#### Work required:
Repeat the data below exactly, dropping any pictures it holds.
*** Begin section ***
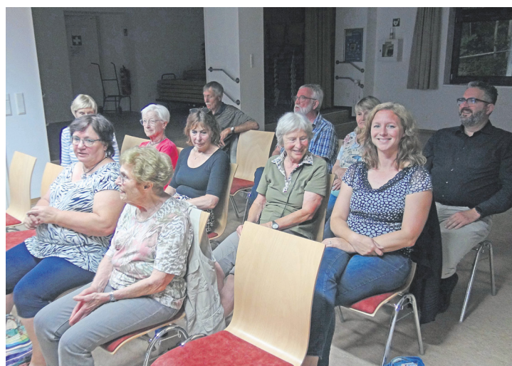
Großes Interesse am Vortrag über Hornissen

Ein Nest wurde 2023 im Wildpark von Engenhahn entdeckt. Die Entfernung muss unbedingt von einem Fachmann durchgeführt werden, da sich im Nest befindliche Tiere das Nest verteidigen. Es gilt also hier besondere Vorsicht! Für Menschen, die allergisch auf Insektenstiche reagieren, können Stiche der Asiatischen Hornisse lebensbedrohlich sein. So war in einem Vortrag zu hören, zu dem der örtliche NABU in die Alte Schule von Königshofen eingeladen hatte.
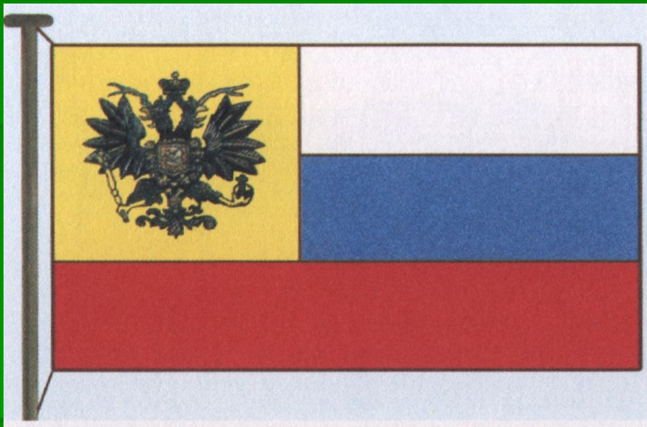
Флаг 1914 года
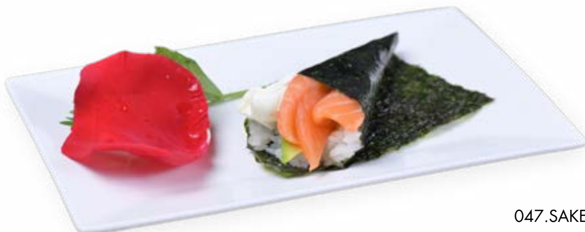
047. SAKE TEMAKI
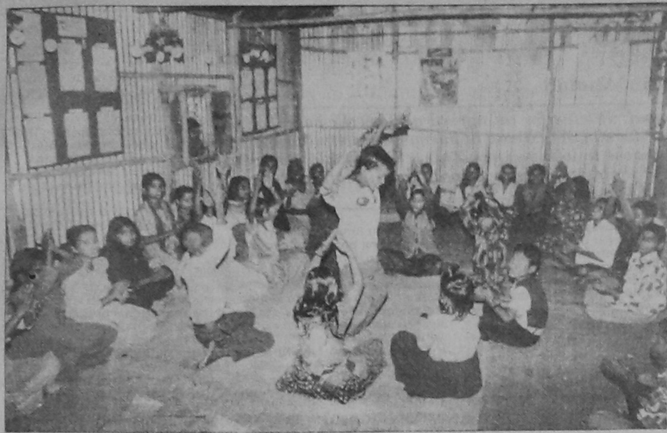
Children at a school run by BRAC at Joypara village in Dhamrai practising a dance item they will present in front of US President Bill Clinton during his visit.
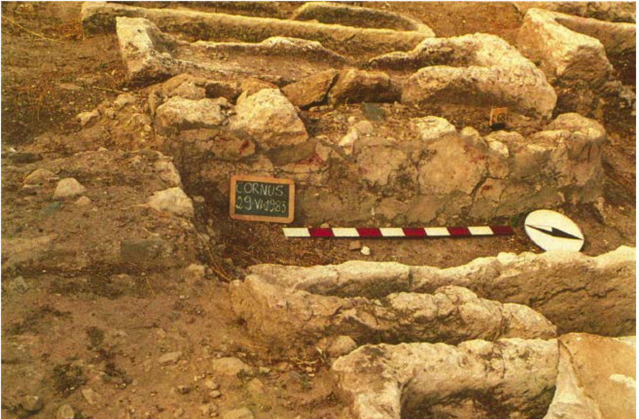
Fig. 2 - Tomba a tumulo 68 con labili tracce di pittura rossa, veduta da nord (da GIUNTELLA et al. 1985, tav. III, 1).

Successivamente venne impiantata una basilica cimiteriale che obliterò, e talvolta tagliò, le tombe già collocate nella stessa area 3 , mentre nella zona ad Est dell'edificio fu realizzato un terrazzamento che ospitò nuove sepolture, convenzionalmente definito IV,1 (fig. 3) 4 .
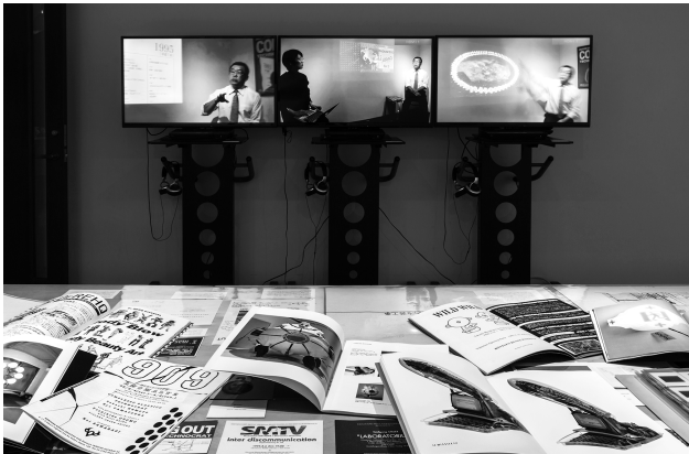
卒業制作展「レントゲン藝術研究所の研究」展示風景 2019年1月
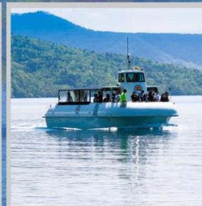
“LAKE SHIKOTSU GLASS BOAT”
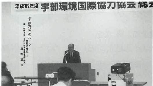
平成15年度 宇部環境国際協力協会 総会 6月13日(金)に開催し、事業計画が審議されました。
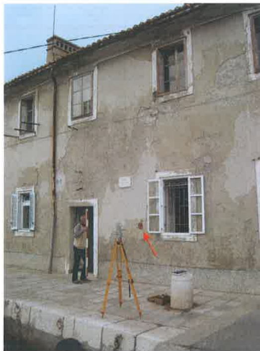
Reper B.V. 15663
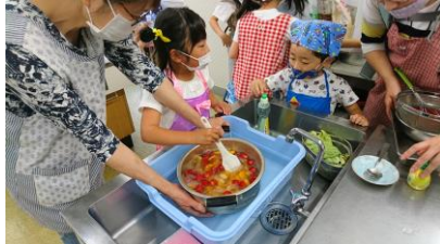
フルーツ寒天作り

6月のハラクッチーは、1回目は焼きそば・ワカメスープ・フルーツ寒天をつくりました。3つのグループに分かれて美味しい焼きそば作りを競いました。フルーツ寒天作りは子どもたちに人気でした。2回目は牛丼・みそ汁・フルーツ白玉をつくりました。白玉は絹ごし豆腐と白玉粉を混ぜて丸めました。子どもたちは上手に白玉を丸めていました。
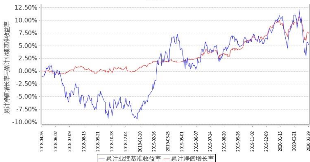
图1：嘉实新添荣定期混合A基金份额累计净值增长率与同期业绩比较基准收益率的历史走势对比图
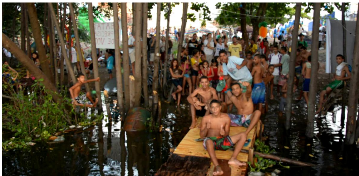
FIGURA 2 – Praias do Capibaribe – Intervenção em Santa Luzia (Maio, 2015).
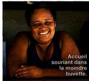
Accueil souriant dans la moindre buvette.
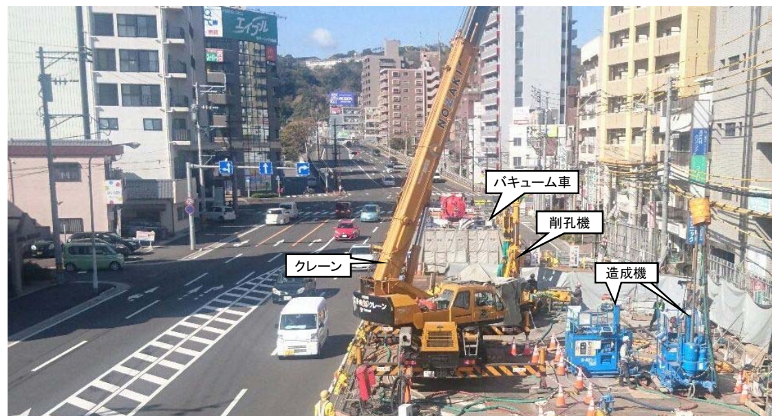
地盤改良工施工状況
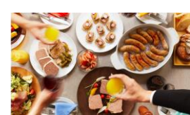
< Les Viandes par Table Ogino (レ ヴィ ア ン ド パ ー タ ー ブ ル オ ギ ノ) > 惣菜 / 洋食
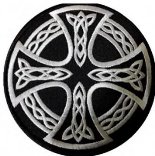
Рисунок 2. Кельтский крест. Символ многих расистских организаций
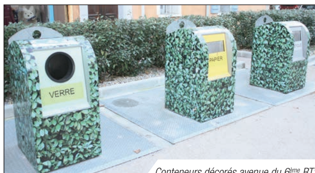
Conteneurs décorés avenue du 6 ème RTS

Il s'agit là d'une opération d'ensemble de requalification d'un axe de la commune devenu majeur après la mise en sens unique de la rue de la République. Ce chantier est constitué de plusieurs phases dont la première a déjà été réalisée avec la réfection du parking du boulo-drome, l'acquisition de la propriété Mandon, sa rénovation dans le but d'accueillir le Secours Populaire et Gapeau FM ainsi que la création d'un nouvel espace associatif, la maison Yvonne et Jean Murat.
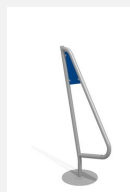
C315.20 Le surfeur mobile
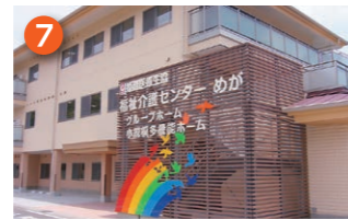
7 小規模多機能ホームめが 姫路市飾磨区妻鹿278 TEL 079-247-3211
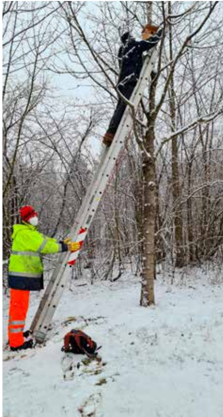
Neue Starenkäste werden angebracht.

Unsere LBV-Kreisgruppe betreut mittlerweile über 100 Vogel- und Fledermauskästen. Angefangen bei kleinen Meisennistkästen über Eulennistkästen und Übertagungsquartiere für Fledermäuse, bis hin zu über 30 kg schweren Fledermausüberwinterungskästen, ist für viele geflügelte Gäste etwas dabei.
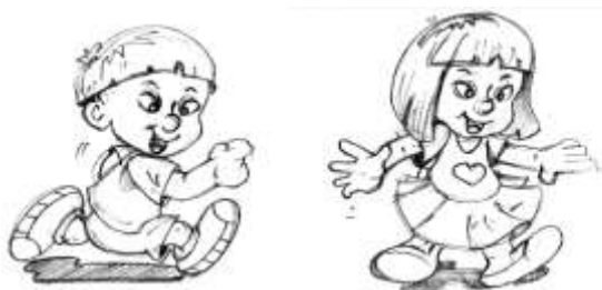
Figura 3: Personagens principais

A prototipação surgiu em meados dos anos 80 como a solução para o problema da análise de requisitos. Consiste em uma simulação das telas de uma aplicação, que permite ao usuário visualizar a aplicação antes de seu real desenvolvimento. Protótipos ajudam o usuário a ter uma idéia de como o sistema será e facilita a tomada de decisões
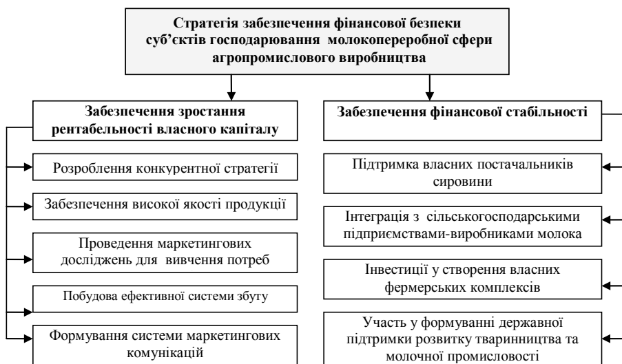
Рис. 4. Напрями реалізації стратегії фінансової безпеки суб'єктів господарювання молокопереробної сфери агропромислового виробництва

У розділі розроблено та обґрунтовано загальну схему комплексу заходів, необхідних для подолання найбільш значущих зовнішніх стратегічних загроз і реалізації стратегії фінансової безпеки суб'єктів господарювання молокопереробної сфери агропромислового виробництва, зокрема таких її складників, як стратегія зростання фінансової рентабельності ( означає отримання та збільшення чистого прибутку) та стратегія фінансової стабільності ( залежить від надійності постачання сировини) ( рис.4 ).
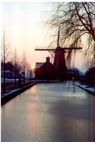
1e prijs Marcel Blokland
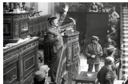
Een kolder-moment in de Spaanse geschiedenis: Generaal Antonio Tejero stormde in 1981 met 200 kompanen het parlement binnen, wild zwaaiend met een pistool.

De schaduw van Franco heeft ook een naam. Staatsterreur. Dankzij de Europese Unie is er een laagje democratie afgezet op het logge monster van een autoritair bewind. Maar in tijden van crisis brult dat monster opnieuw vervaarlijk. In den beginne leek dat potsierlijk. De clown van dienst heette toen Antonio Tejero Molina, luitenant-kolonel van de Guardia Civil. In 1978 lanceerde hij "Operatie Ga-
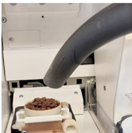
Verwijder de bonen boven op de molen. U kunt dit handmatig doen, of met een stofzuiger.
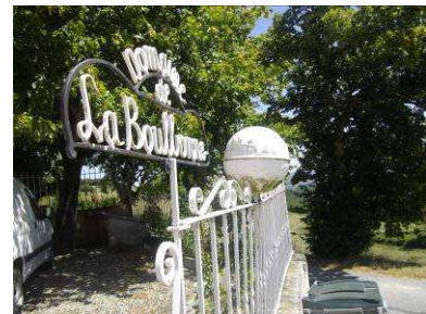
Domaine de la Boulbonne

En octobre 1913, le Conseil municipal approuve le projet, une demande de subvention est effectuée et des promesses de vente sont établies avec les propriétaires de terrains possédant la source et ceux qui laisseront passer la canalisation souterraine. Alban BROUSSE vendra un morceau de terre où sera construit le réservoir d'eau.
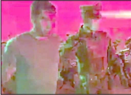
El padre se entregó pensando que había matado a su hijo, pero el menor logró sobrevivir.

La pequeña víctima tenía solamente 5 años de edad
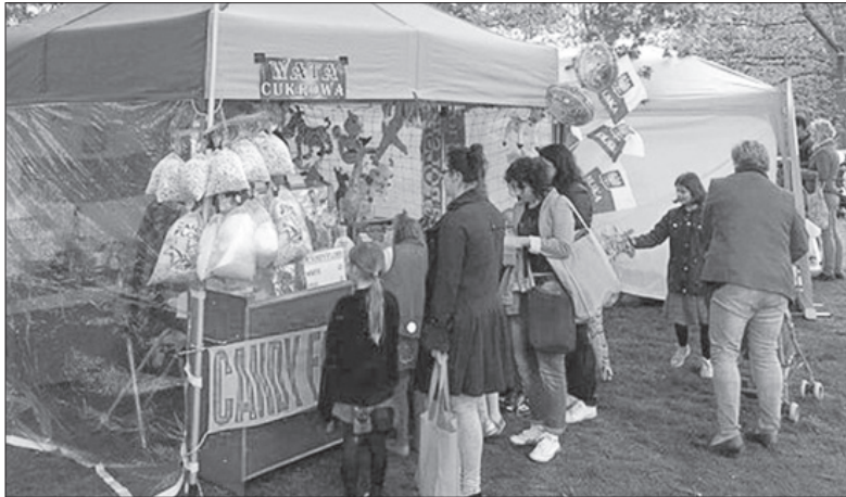
Wata cukrowa to jeden z najbardziej ulubionych przez dzieci elementów polskich pikników.

W Edynburgu chętni mogli wziąć udział w organizowanej przez lokalny oddział ZHP grze miejskiej „w poszukiwaniu biało-czerwonych”, która miała przybliżyć jej uczestnikom polską historię. Z kolei w miejscowości Ingham w East Midlands odbył się dzień otwarty w dawnej bazie brytyjskiego lotnictwa, gdzie w
*** End section ***
#### Answer for this exercise:
Großes Interesse am Vortrag über Hornissen

Ein Nest wurde 2023 im Wildpark von Engenhahn entdeckt. Die Entfernung muss unbedingt von einem Fachmann durchgeführt werden, da sich im Nest befindliche Tiere das Nest verteidigen. Es gilt also hier besondere Vorsicht! Für Menschen, die allergisch auf Insektenstiche reagieren, können Stiche der Asiatischen Hornisse lebensbedrohlich sein. So war in einem Vortrag zu hören, zu dem der örtliche NABU in die Alte Schule von Königshofen eingeladen hatte.
Флаг 1914 года
047. SAKE TEMAKI
Children at a school run by BRAC at Joypara village in Dhamrai practising a dance item they will present in front of US President Bill Clinton during his visit.
Fig. 2 - Tomba a tumulo 68 con labili tracce di pittura rossa, veduta da nord (da GIUNTELLA et al. 1985, tav. III, 1).

Successivamente venne impiantata una basilica cimiteriale che obliterò, e talvolta tagliò, le tombe già collocate nella stessa area 3 , mentre nella zona ad Est dell'edificio fu realizzato un terrazzamento che ospitò nuove sepolture, convenzionalmente definito IV,1 (fig. 3) 4 .
卒業制作展「レントゲン藝術研究所の研究」展示風景 2019年1月
“LAKE SHIKOTSU GLASS BOAT”
平成15年度 宇部環境国際協力協会 総会 6月13日(金)に開催し、事業計画が審議されました。
Reper B.V. 15663
フルーツ寒天作り

6月のハラクッチーは、1回目は焼きそば・ワカメスープ・フルーツ寒天をつくりました。3つのグループに分かれて美味しい焼きそば作りを競いました。フルーツ寒天作りは子どもたちに人気でした。2回目は牛丼・みそ汁・フルーツ白玉をつくりました。白玉は絹ごし豆腐と白玉粉を混ぜて丸めました。子どもたちは上手に白玉を丸めていました。
图1：嘉实新添荣定期混合A基金份额累计净值增长率与同期业绩比较基准收益率的历史走势对比图
FIGURA 2 – Praias do Capibaribe – Intervenção em Santa Luzia (Maio, 2015).
Accueil souriant dans la moindre buvette.
地盤改良工施工状況
< Les Viandes par Table Ogino (レ ヴィ ア ン ド パ ー タ ー ブ ル オ ギ ノ) > 惣菜 / 洋食
Рисунок 2. Кельтский крест. Символ многих расистских организаций
Conteneurs décorés avenue du 6 ème RTS

Il s'agit là d'une opération d'ensemble de requalification d'un axe de la commune devenu majeur après la mise en sens unique de la rue de la République. Ce chantier est constitué de plusieurs phases dont la première a déjà été réalisée avec la réfection du parking du boulo-drome, l'acquisition de la propriété Mandon, sa rénovation dans le but d'accueillir le Secours Populaire et Gapeau FM ainsi que la création d'un nouvel espace associatif, la maison Yvonne et Jean Murat.
C315.20 Le surfeur mobile
7 小規模多機能ホームめが 姫路市飾磨区妻鹿278 TEL 079-247-3211
Neue Starenkäste werden angebracht.

Unsere LBV-Kreisgruppe betreut mittlerweile über 100 Vogel- und Fledermauskästen. Angefangen bei kleinen Meisennistkästen über Eulennistkästen und Übertagungsquartiere für Fledermäuse, bis hin zu über 30 kg schweren Fledermausüberwinterungskästen, ist für viele geflügelte Gäste etwas dabei.
Figura 3: Personagens principais

A prototipação surgiu em meados dos anos 80 como a solução para o problema da análise de requisitos. Consiste em uma simulação das telas de uma aplicação, que permite ao usuário visualizar a aplicação antes de seu real desenvolvimento. Protótipos ajudam o usuário a ter uma idéia de como o sistema será e facilita a tomada de decisões
Рис. 4. Напрями реалізації стратегії фінансової безпеки суб'єктів господарювання молокопереробної сфери агропромислового виробництва

У розділі розроблено та обґрунтовано загальну схему комплексу заходів, необхідних для подолання найбільш значущих зовнішніх стратегічних загроз і реалізації стратегії фінансової безпеки суб'єктів господарювання молокопереробної сфери агропромислового виробництва, зокрема таких її складників, як стратегія зростання фінансової рентабельності ( означає отримання та збільшення чистого прибутку) та стратегія фінансової стабільності ( залежить від надійності постачання сировини) ( рис.4 ).
1e prijs Marcel Blokland
Een kolder-moment in de Spaanse geschiedenis: Generaal Antonio Tejero stormde in 1981 met 200 kompanen het parlement binnen, wild zwaaiend met een pistool.

De schaduw van Franco heeft ook een naam. Staatsterreur. Dankzij de Europese Unie is er een laagje democratie afgezet op het logge monster van een autoritair bewind. Maar in tijden van crisis brult dat monster opnieuw vervaarlijk. In den beginne leek dat potsierlijk. De clown van dienst heette toen Antonio Tejero Molina, luitenant-kolonel van de Guardia Civil. In 1978 lanceerde hij "Operatie Ga-
Verwijder de bonen boven op de molen. U kunt dit handmatig doen, of met een stofzuiger.
Domaine de la Boulbonne

En octobre 1913, le Conseil municipal approuve le projet, une demande de subvention est effectuée et des promesses de vente sont établies avec les propriétaires de terrains possédant la source et ceux qui laisseront passer la canalisation souterraine. Alban BROUSSE vendra un morceau de terre où sera construit le réservoir d'eau.
El padre se entregó pensando que había matado a su hijo, pero el menor logró sobrevivir.

La pequeña víctima tenía solamente 5 años de edad
Wata cukrowa to jeden z najbardziej ulubionych przez dzieci elementów polskich pikników.

W Edynburgu chętni mogli wziąć udział w organizowanej przez lokalny oddział ZHP grze miejskiej „w poszukiwaniu biało-czerwonych”, która miała przybliżyć jej uczestnikom polską historię. Z kolei w miejscowości Ingham w East Midlands odbył się dzień otwarty w dawnej bazie brytyjskiego lotnictwa, gdzie w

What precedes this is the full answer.